Just as the police will try to reconstruct every detail of a crime, medical detectives seek to explain how bacteria cause illness, step by step. One unsolved case has been that of Listeria monocytogenes, which causes severe and sometimes deadly food poisoning. But in today's issue of Science, Pascale Cossart and her colleages at the Pasteur Institute in France reveal a secret to Listeria's unhealthy acts of breaking and entry. In particular, they have discovered precisely how the organism passes from the digestive track into intestinal cells, thereby gaining access to the bloodstream and ultimately the central nervous system.

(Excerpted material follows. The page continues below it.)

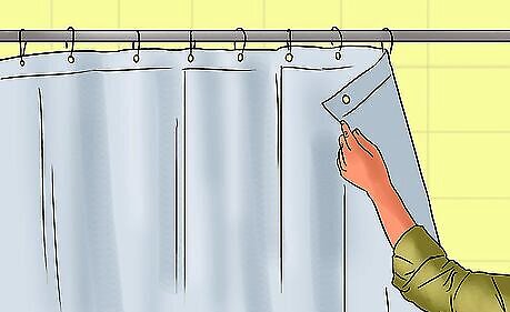 Wash shower curtain liners and bathroom rugs often. These items get wet every time they’re used, so it’s necessary to wash them and let them air dry every one or two weeks. Throw your plastic liner in the washing machine along with a load of whites, detergent, and a dash of baking soda. After it’s clean, hang the liner out so it can air dry. Wash your bathroom rug in the washing machine with cold water and a gentle laundry soap. Tumble the rug dry on the coolest heat setting possible.

Earlier work implicated a molecule called internalin, found on the surface of Listeria cells. In humans, this molecule binds to E-cadherin receptors on cells derived from the intestine. The researchers assumed that internalin, like a key, provided access to the intestinal cells, but the mechanism was hard to study because in mice E-cadherin does not interact with internalin. So the scientists genetically engineered mice that produce human E-cadherin and also ran tests on guinea pigs, which produce a version that binds to internalin.

The team exposed both types of animals to wild-type Listeria and to a mutant form lacking internalin. They discovered that whereas the wild-type bacteria proved fatal in most cases, the mutant type failed to enter intestinal cellsproving that internalin is essential for infection. "This is a very tricky bacterium," Cossart says. "For the moment, most people are reasonably safe because the bacterium is sensitive to antibiotics. If it becomes resistant, as we have seen with other bacteria, then it will be critical to know precisely how the infection proceeds in order to design new therapeutic strategies."